Stated that I think it's much more interesting is that the maker of most airport security scanner in the world (~84%) is an Israeli intelligence linked company (Vidisco) https://ransomwareattacks.halcyon.ai/attacks/vidisco-ltd-hit... so they can easily makes any items "not seen" i.e. with a simple tag the scanner read and ignore then the real content showing something harmless. This is just an example of why we need MANDATORY FLOSS and open hardware where anything is developed from zero in a public manner to been able to check what's up via public research made by public universities to make it hard slip agreements here and there.



I have no idea how the 'privacy' is even allowed to be included as an advertisement point.

No end-to-end encryption no claims of privacy allowed.

We pinky promise not to tell anyone is not 'privacy' feature.


So what kind of setup do you suggest for low-maintenance personal / small business use?

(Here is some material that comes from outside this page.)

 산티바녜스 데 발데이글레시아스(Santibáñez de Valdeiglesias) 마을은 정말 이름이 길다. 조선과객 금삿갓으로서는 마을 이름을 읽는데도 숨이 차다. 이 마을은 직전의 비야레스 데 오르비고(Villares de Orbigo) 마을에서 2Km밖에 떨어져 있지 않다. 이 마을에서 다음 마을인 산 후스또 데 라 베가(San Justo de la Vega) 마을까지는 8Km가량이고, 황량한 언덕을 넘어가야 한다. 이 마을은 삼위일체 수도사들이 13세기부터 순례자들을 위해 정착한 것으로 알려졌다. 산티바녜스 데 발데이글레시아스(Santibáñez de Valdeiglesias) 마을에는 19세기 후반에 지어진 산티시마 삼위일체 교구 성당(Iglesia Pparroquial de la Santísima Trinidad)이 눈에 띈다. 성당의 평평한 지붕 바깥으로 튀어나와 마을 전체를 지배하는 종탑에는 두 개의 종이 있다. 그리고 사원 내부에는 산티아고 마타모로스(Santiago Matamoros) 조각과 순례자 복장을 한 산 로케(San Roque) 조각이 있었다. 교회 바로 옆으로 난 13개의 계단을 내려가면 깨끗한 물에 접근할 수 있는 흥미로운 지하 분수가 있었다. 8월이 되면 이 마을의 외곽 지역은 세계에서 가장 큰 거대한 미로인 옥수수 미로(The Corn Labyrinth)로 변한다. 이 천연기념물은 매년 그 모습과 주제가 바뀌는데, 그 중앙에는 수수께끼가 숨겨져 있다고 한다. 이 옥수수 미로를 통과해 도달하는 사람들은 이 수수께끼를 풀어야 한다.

For what purpose? If you need to access home services or company service while outside in the world a PERSONAL VPN, i.e. wireguard on your SOHO server at home/office is ok, because you own BOTH the server and the client and your traffic go through a domestic ISP under domestic laws of your countries, laws you know, your lawyer know, you can easy act as needed etc.

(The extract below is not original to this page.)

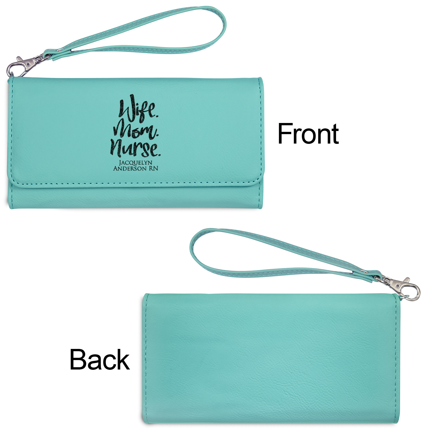 These personalized ladies leather wallets are available in 2 colors - rawhide / cognac and teal.

If you need a proxy on steroid to watch netflix from another country well, use any commercial VPN, but ONLY for the needed purpose, not for the rest of your traffic.

Your ISP can snoop on you LESS than a commercial VPN vendor, especially if such vendor is based in exotic places without privacy laws, while obviously claiming the contrary in advertisements. There is NO PRIVACY PURPOSE for using commercial VPNs.

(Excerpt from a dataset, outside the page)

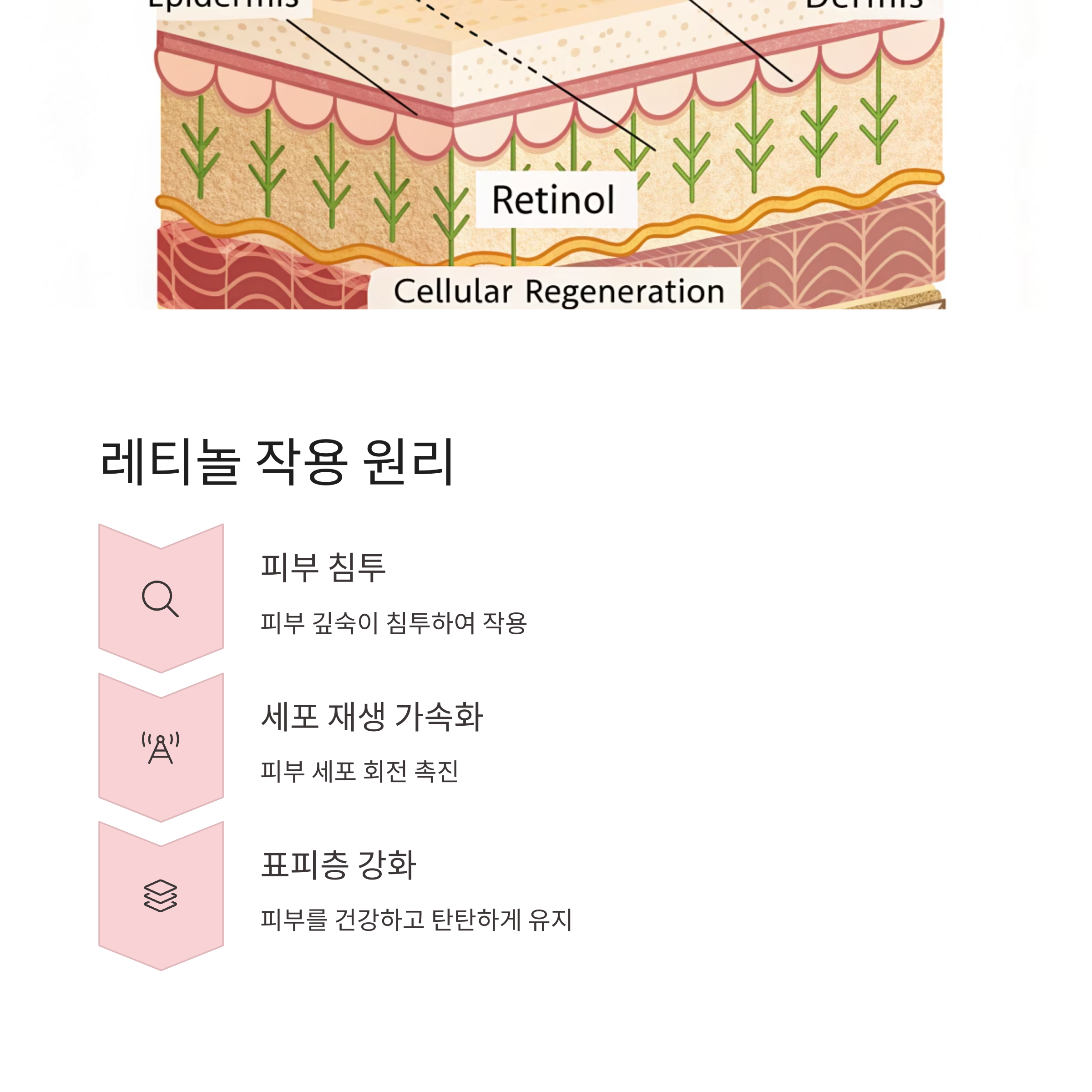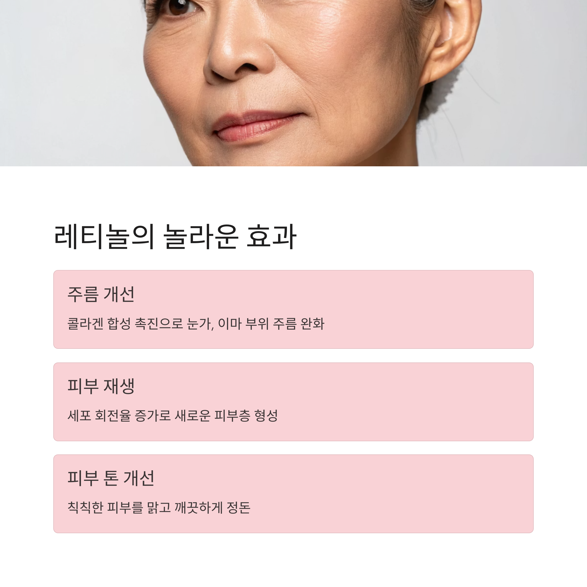 | 피부 재생 | 세포 회전율 증가로 새 피부층 형성 | 톤 개선 효과 |

Secret stuff, I guess. Appreciate the follow-up.


Secrets means not much: secrets from who? A commercial VPN meaning you just have the client, imply your ISP do not know much about your traffic (just data volume and when they pass) but your VPN provider know ANYTHING, with a far bigger access to your system since you typically have a proprietary client installed with high privileges. So you hide from a domestic ISP to be naked shown to a potentially unknown corporation oversee who can pick much more infos from you.

Let's say you are in countries where porn is forbidden, from Saudi Arabia to South Korea, and you want to hide from locals, ok, you knows your porn habits are known by an offshore unknown company but formally not to the local government, formally, because they might have agreements you do not know and typically VPN providers exists in countries with zero customer protections.

The only VPN you can trust is a FLOSS one, like WireGuard, OpenVPN etc, between hosts you own, and they just guarantee the channel, meaning if you have an Android/iOS device with a VPN link between the phone and you home, the phone itself is not trustable since it's a proprietary device remotely handled by it's OEM/third parties, some you might not even know.

A simple example: let's say you have a secure messaging system, your messages will travel hidden from third parties, but you type them with a virtual keyboard, witch is a typically connected application, who talk aside with their creator: who care about your secure messages since they can snoop them as you type them?

The whole point is the level of secrecy you want. Just downloading pirated materials (like most people do, even if formally it's illegal nearly everywhere) appearing from another country to avoid local laws like Hadopi well, essentially nobody care for real so you might feel safe enough. Being an activist in a dictatorship well, it's a far different thing and in that case the top security is not using integrated electronics at all, like exchanging manually encrypted and hand-sewn in some peer dress (an old but still valid WWII technique), when that's not an option you could trust a bit OLD desktop iron (little firmware's inside) running a FLOSS OS in fully FLOSS stack, like messaging via I2P.